Moreover, the researchers write, “A mistaken eyewitness identification was a contributing cause in more than 75 percent of these wrongful convictions. Of the cases involving mistaken eyewitness identifications, more than one third of cases involved two or more witnesses making the same mistaken identification.”
According to Lampinen, both jurors and case law place a good deal of emphasis on how much confidence an eyewitness has in the identification. Time after time, research has shown at best moderate correlation between an eyewitness’s confidence and the accuracy of the identification.

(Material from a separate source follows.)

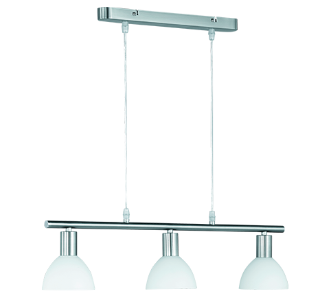 The modern three-light DALLAS pendant light impresses with its timeless elegance. With its pleasant light and decorative lamp glass, this very modern pendant light is a real eye-catcher and brings a special atmosphere into your room. With a height of 120 cm and a width of 61 cm, it fits well above any dining table. However, it can also provide the perfect light for the workplace. The matt nickel colour scheme combined with the opal white glass creates a sophisticated and elegant effect. For energy-saving lighting, it is recommended to use an LED illuminant. These are an optimal alternative to conventional halogen lamps and stand for a high quality of light and energy savings of up to 80%. In addition, LED lamps help you benefit from a long service life, low heat generation and at the same time protect the environment.

For example, participants in an experiment watched a video clip of a crime from a security camera and then were asked to pick out the perpetrator from a line-up that did not include the culprit. Some participants were then told they’d picked the right person. Not only were those participants more confident in their identification, they also reported they’d paid more attention to the perpetrator and had a better view than did other participants whose identification had not been affirmed. Thus, the researchers note, confidence is complicated and can be influenced by cognitive, personality and social factors that are independent of identification accuracy.
“There is no magic bullet that will fix the problem of faulty eyewitness identification,” the researchers write. They suggest two alternatives that taken together can lead to systemic change. First, organizations like the Innocence Project should continue to clear individuals who have been wrongly convicted and raise public awareness. Second, they write, “social scientists must continue to conduct psycho-legal research with special emphasis on designing experiments that have more external validity” and continue to influence public policy and law.